# Workouts on an empty stomach



## Flea (Dec 29, 2009)

I usually get my exercise in the afternoons, but lately I find that I have more time first thing in the morning.  This is great, except that I don't always stomach food very well in the morning.  When I force the issue I often get an upset stomach that can last the rest of the day.  It just isn't worth it, even if it means feeling hungry for a few hours.

Am I hurting myself at all by working out before breaking the fast?  It's very rare that I get an energy crash during the workout, but when I do I stop and get some food as soon as my tummy-tum lets me know it's ready for it.  Then I make a point of getting something with protein, like peanut butter toast or eggs.

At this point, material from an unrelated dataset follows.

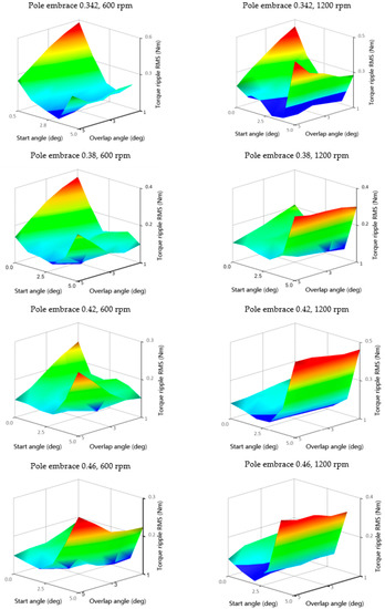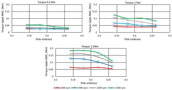 The effect of the rotor pole embrace on Torque ripple RMS TripRMS is shown in Figure 19. The ripple value decreases with the increase in pole width. A more significant reduction is in the range from 900 to 1500 rpm. The pole embrace has a negligible effect on the ripples at 600 rpm (low speed) for all investigated loads. In the case of optimization to the minimum torque ripple, it is not possible to say unambiguously which value of the pole embrace is most suitable. The selection will depend on the operating point at which the motor is most frequently located. If the motor is operated at higher speeds, then the value of the pole embrace can be as high as 0.46, with little loss in efficiency.
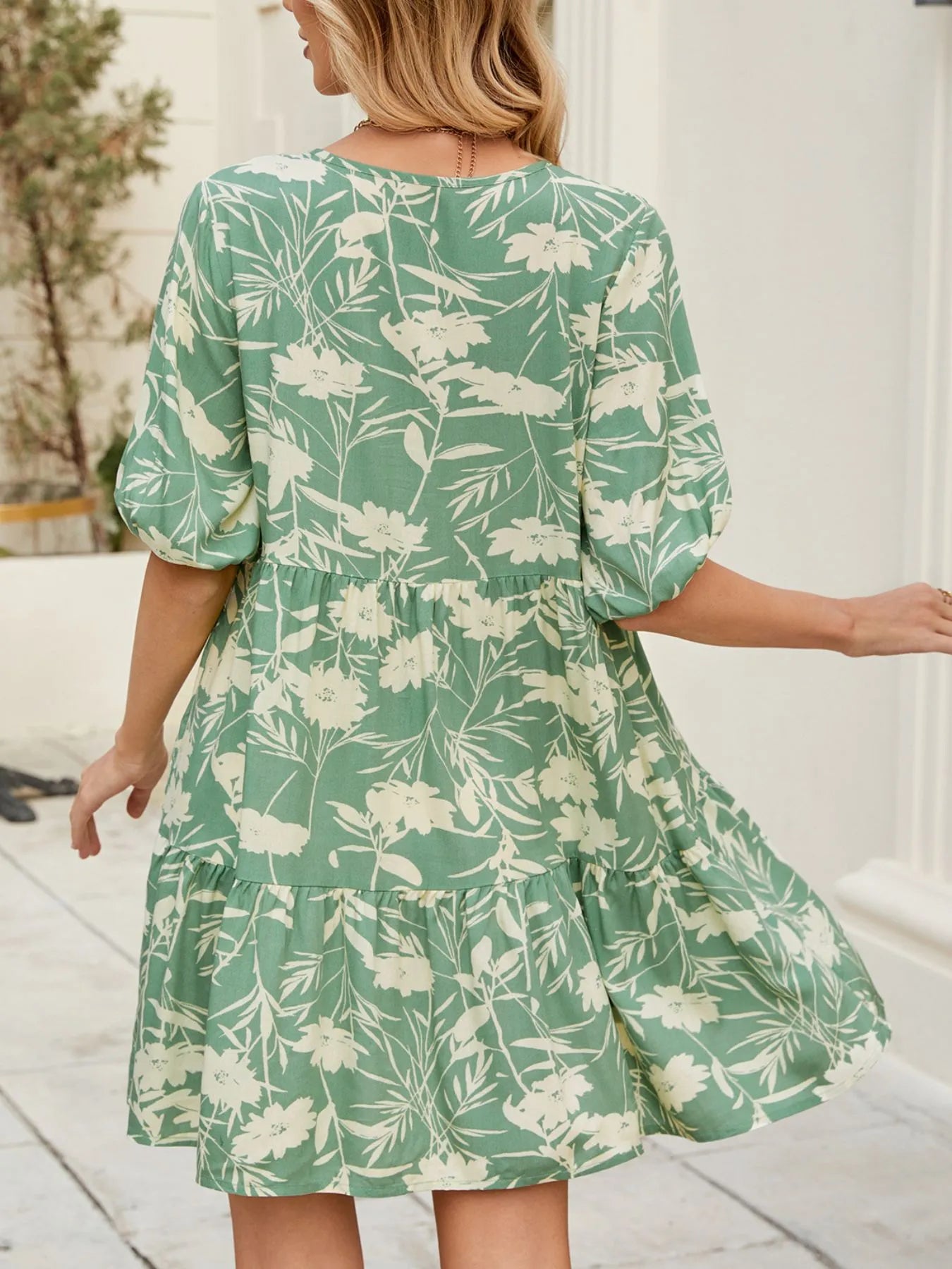 Velste Printed V-Neck Ruffle Hem Mini Dress

How do other people approach this?


----------



## Jade Tigress (Dec 29, 2009)

I have a hard time eating in the morning too. I do exercise on an empty stomach if I if I don't feel like eating first. I've never noticed any adverse effects and I've been doing it this way for years. Usually by the time I'm done I am hungry and then eat a healthy breakfast. 

The debate is exercising on an empty stomach to burn fat faster vs. not having enough fuel to sustain the workout which causes fatigue and muscle loss. 

I don't know which is more accurate, there are convincing arguments on both sides. I'd say try it. If it works for you fine, if you find you can't make it, try having a banana or something light before working out. I still make it through the workouts fine when I don't eat and I do build muscle as well.


----------



## fyn5000 (Dec 29, 2009)

I work out in the morning before having breakfast and haven't had any problems.  Afterward, I feel really good.  I do drink my only cup of coffee (black, no additives) after I wake up, but I don't think that counts.

I agree with Jade Tigress and say give it a try.

fyn


----------



## Ken Morgan (Dec 29, 2009)

I'm the same, It takes a few hours in the morning for me to want food. I might grab a piece of fruit or a drink of milk on my way to the gym, and grab real food when I get home.

If you're trying to lose weight, exercise, run do whatever before breakfast, it works wonders. 

Flea, as long as its working for you and you're not fatigued in your workouts, keep doing it. It sounds like you have a good grasp of what your body needs to work at its best.


----------



## HKphooey (Dec 29, 2009)

Really depends on what you workouts are targeting?  Weight loss, muscle tone, muscle mass, cardio, flexibility....

Here is a pretty good article on the subject...

http://findarticles.com/p/articles/mi_m0KGB/is_1_5/ai_n6097710/

I like drinking some of the carb/protein drinks if i cannot eat something first.


----------



## jks9199 (Dec 29, 2009)

Different people have different experiences, and it can depend on what you ate before bed.

Personally, if I try to do a hard workout on a truly empty stomach -- I find I don't necessarily have the energy to finish or really put out during the workout.  And if I force myself, there's a good chance I'll puke.  I don't need much -- a piece or two of toast with peanut butter or a protein drink is enough, but I need something.


----------



## Stac3y (Dec 29, 2009)

If I don't eat before working out, I pass out. Especially in the morning, when I haven't eaten since my bedtime snack (usually nuts; always protein), my blood sugar will drop too fast. I used to be nauseated in the morning and would not eat; eventually I discovered that, for me, the reason for the lack of appetite was that I had gone too long without eating. Now I eat a snack before bedtime, and eat breakfast within an hour of waking up. I'm no longer nauseated in the morning unless I skip my bedtime snack. 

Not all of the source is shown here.